Monitoring Everything: Zabbix 7 in a Homelab
If a service is important enough to run, it's important enough to monitor. That principle led me to deploy Zabbix 7 as the backbone of my homelab monitoring — tracking 18 hosts across Proxmox hypervisors, Docker hosts, LXC containers, an Unraid NAS, and UniFi network gear. Here's how it all fits together.
Why Zabbix?#
I evaluated several monitoring platforms before settling on Zabbix:
- Prometheus + Grafana: Great for metrics but requires significant configuration for each target. No built-in alerting UI.

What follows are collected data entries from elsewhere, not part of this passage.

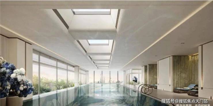 这种 “把最好的空间留给阳光与风景” 的设计,弥足珍贵!更值得关注的是,会所内的悬浮泳池堪称顶豪场景的 “神来之笔”!它并非简单的 “空中泳池”,而是与北外滩的城市地标深度共鸣!
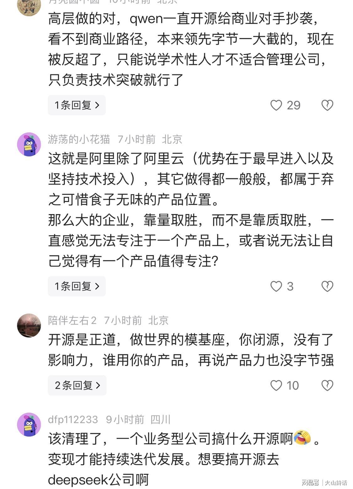 针对此事,有网友表示,高层做的对,qwen一直开源给商业对手抄袭,看不到商业路径,本来领先字节一大截的,现在被反超了,只能说学术性人才不适合管理公司,只负责技术突破就行了。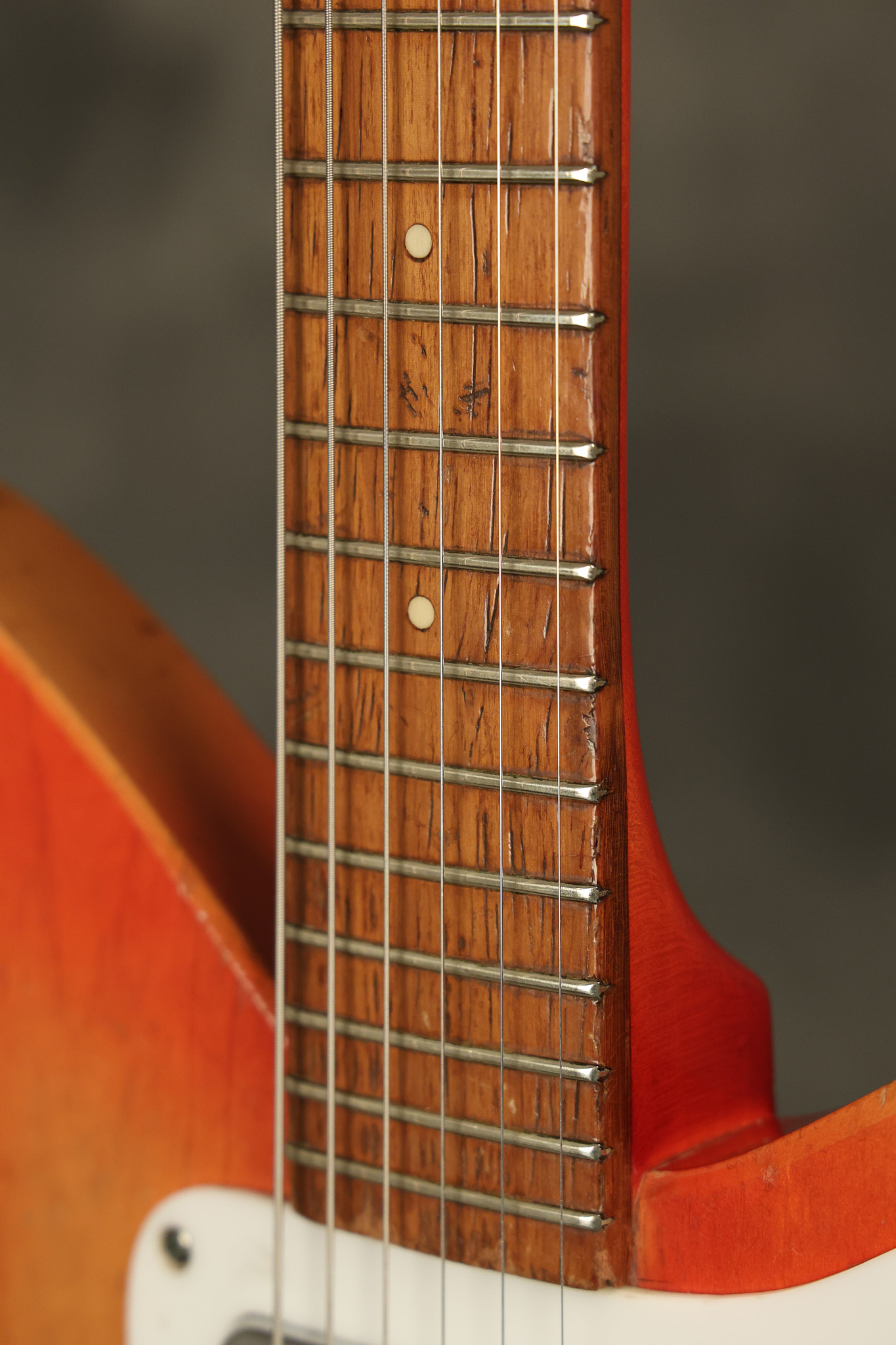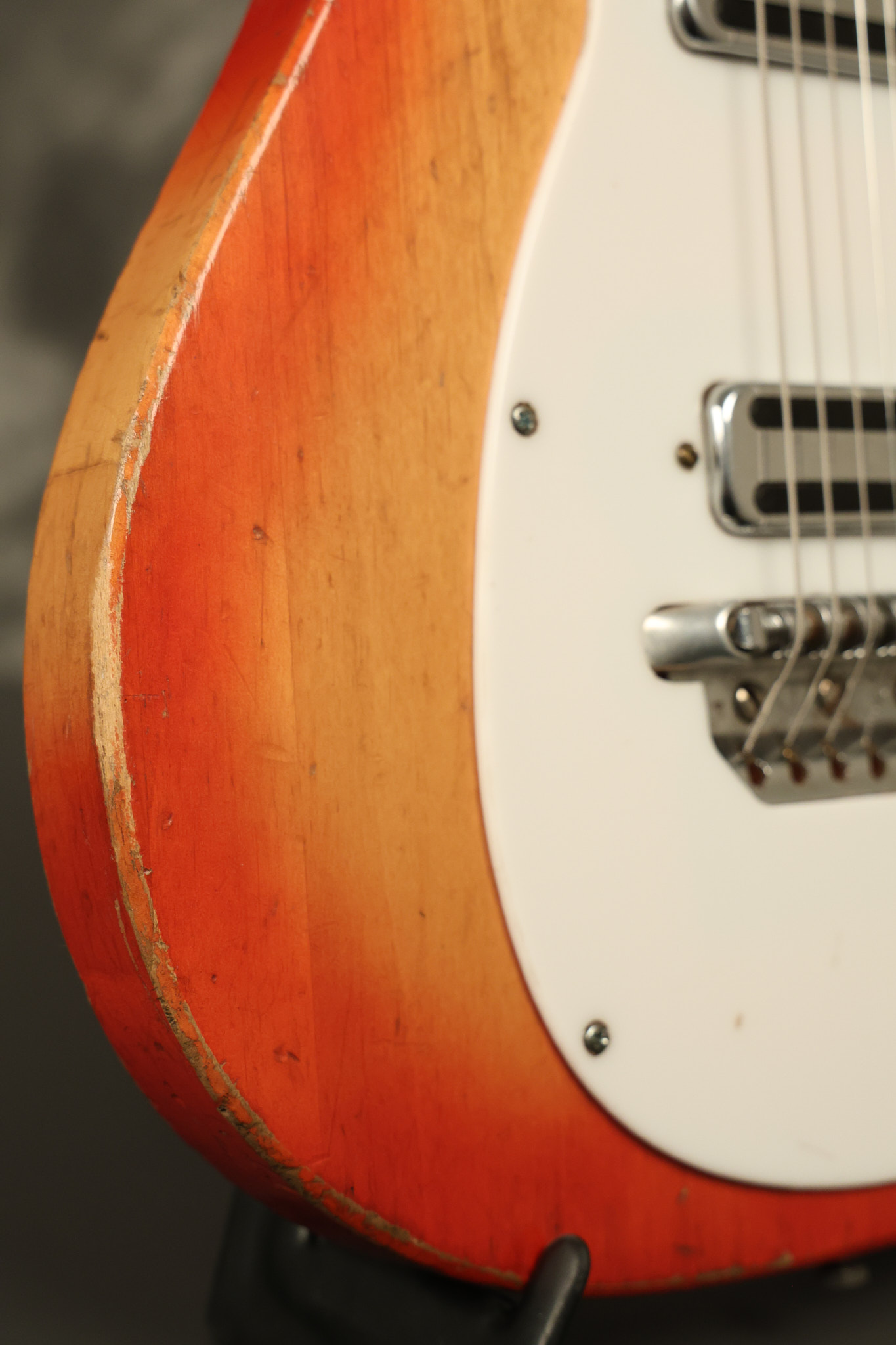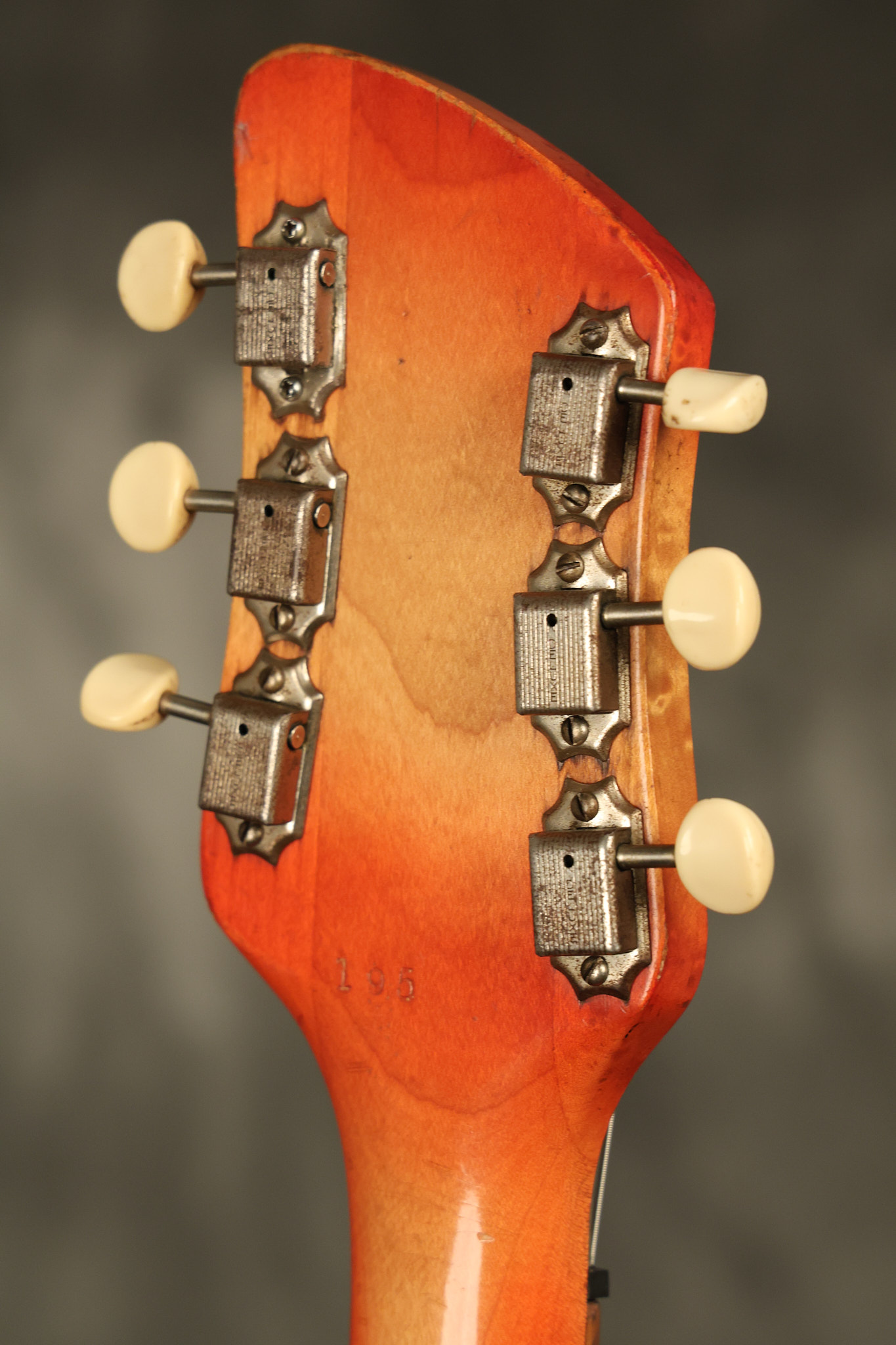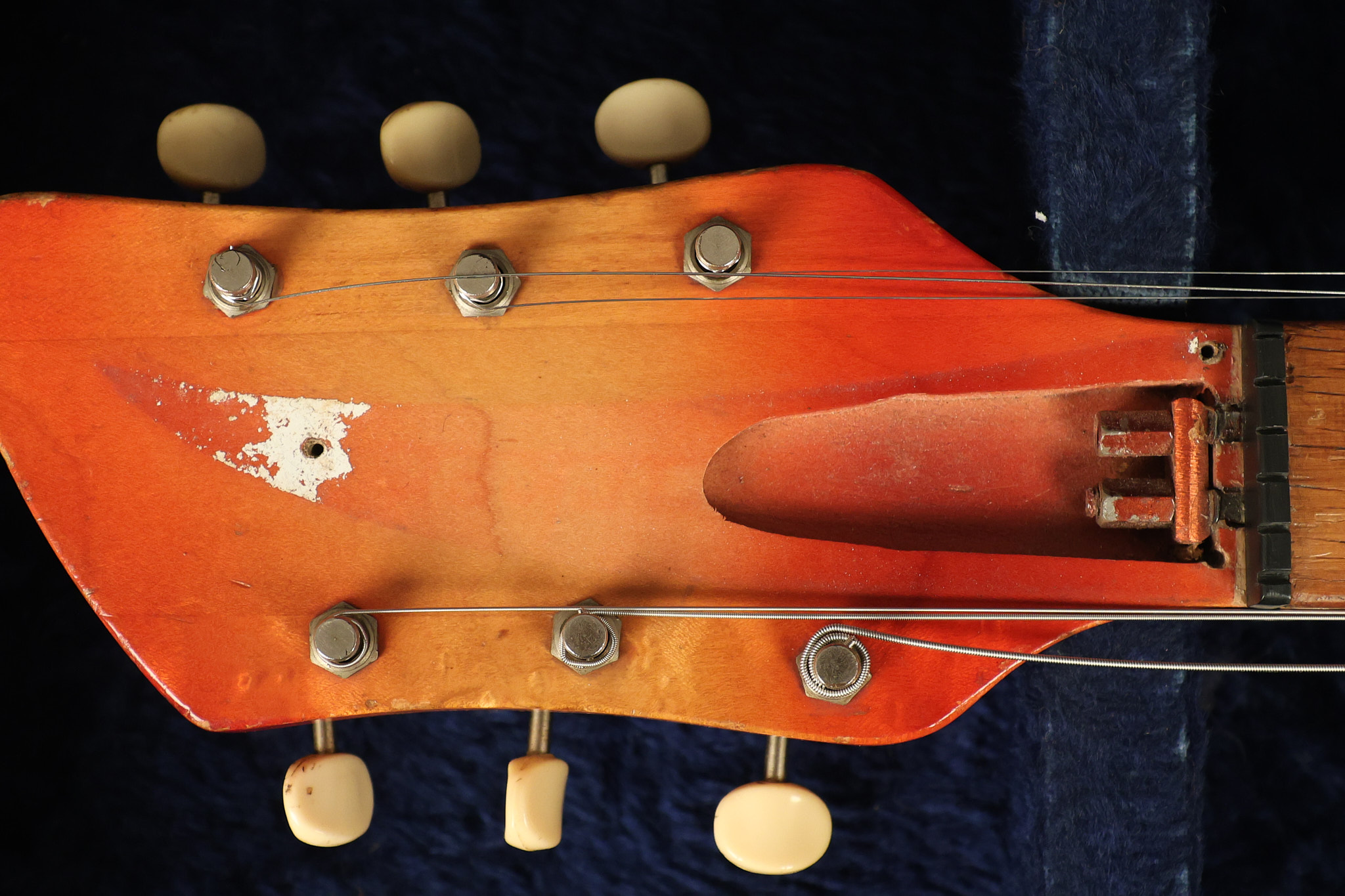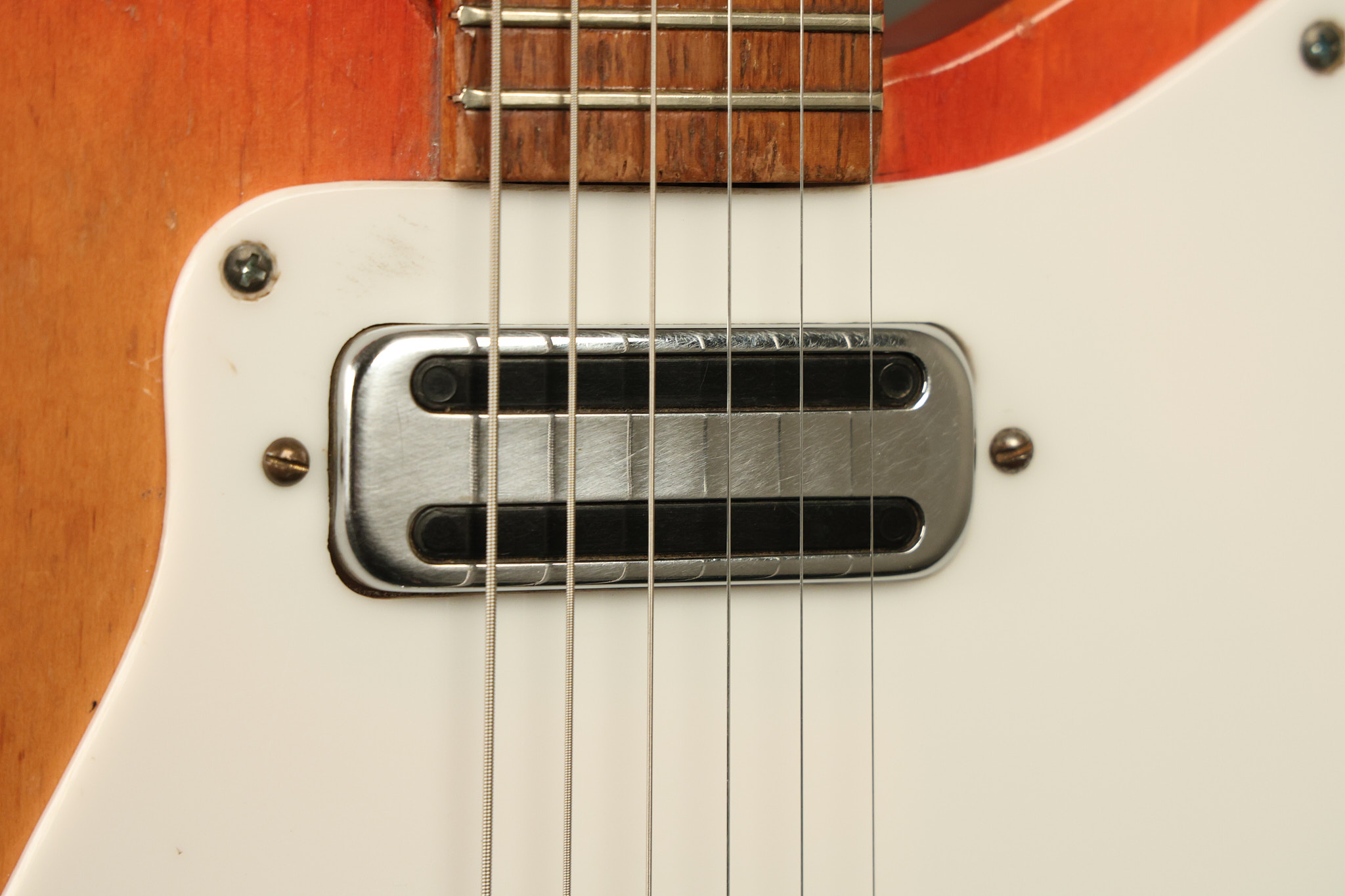 1963 Rickenbacker model 950 3/4 scale in its original Fireglo finish. It has a good playing neck with good frets. Parts that have been changed include the bridge, nut, pickguard screws, 2 tuning key screws, one pot, the capacitor, the jack and some of the wires. The pickups are original along with the 3-way rotary tone switch and a pot that dates to 1960. The original hardshell case is also included. A 3-digit number has been stamped into the back of the headstock. There are lots of nicks + dings, belt buckle wear, play wear and other cosmetic wear including some cracks in the pickguard. The guitar itself remains structurally sound. All electronics work and sound great.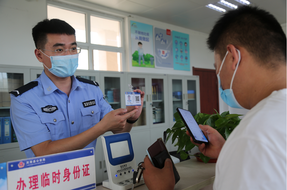 近日,河北省靈壽縣公安局舉行“群眾是家人、警情是家事”掃碼評警啟動儀式,推行“二維碼評警”智能警務(wù)評議系統(tǒng)。今后,靈壽公安窗口服務(wù)人員、出警民警將佩戴二維碼上崗、辦案,當事群眾可以通過掃碼對公安工作進行評價?!皰叽a評警”既能快速回應(yīng)群眾合理訴求,又能為窗口服務(wù)和公安隊伍建設(shè)提供有效監(jiān)督和數(shù)據(jù)保障。圖為靈壽公安窗口服務(wù)人員向辦事群眾展示二維碼并接受評價。

- Uptime Kuma: Simple and effective for uptime monitoring, but limited host-level metrics.
- Netdata: Beautiful real-time dashboards but high resource consumption and weak long-term storage.
- Zabbix: Enterprise-grade monitoring with auto-discovery, templates, triggers, and built-in alerting. Steeper learning curve, but far more capable at scale.
For 18 hosts with diverse monitoring needs (Linux metrics, SNMP, HTTP checks, Docker containers, custom APIs), Zabbix's template system and agent-based collection was the clear winner.
Infrastructure Overview#
Zabbix Server 7.4.6 runs in a dedicated LXC container (CT 115) on pve02, with PostgreSQL as the backend database.
Monitored Hosts#
| Category | Hosts | Monitoring Method |
|---|---|---|
| Proxmox Hypervisors | pve01, pve02, pve03, pbs01 | SNMP |
| Docker Hosts | docker01, docker02, docker03 | Zabbix Agent 2 (PSK) |
| LXC Containers | traefik, pihole, pihole2, homepage, ollama, zabbix | Zabbix Agent 2 (PSK) |
| Network | UCG Ultra | SNMP + HTTP API |
| NAS | Tower (Unraid) | Zabbix Agent 2 (Docker, PSK) |
That's 18 hosts total, each with its own monitoring profile.
PSK-Encrypted Agent Deployment#
Every Zabbix Agent 2 installation uses Pre-Shared Key (PSK) encryption. In a flat homelab network, this prevents monitoring data from being intercepted in plaintext.
Agent Configuration#
Each host's /etc/zabbix/zabbix_agent2.conf includes:
Server=10.0.1.103
ServerActive=10.0.1.103
Hostname=docker01
TLSConnect=psk
TLSAccept=psk,unencrypted
TLSPSKIdentity=docker01
TLSPSKFile=/etc/zabbix/zabbix_agent2.pskKey details:
- PSK Identity: Uses the hostname for easy identification in Zabbix Server
- Standard PSK: All hosts share a 128-character PSK (generated with
openssl rand -hex 64) - TLSAccept: Accepts both PSK and unencrypted connections — this is a workaround for a Zabbix Server PSK configuration quirk
ARM64 Agent Limitations#
One exception: pihole2 runs on ARM64 hardware (Raspberry Pi). There are no official Zabbix 7.x packages for ARM64, so it runs Agent 6.0.14 from Debian's repository.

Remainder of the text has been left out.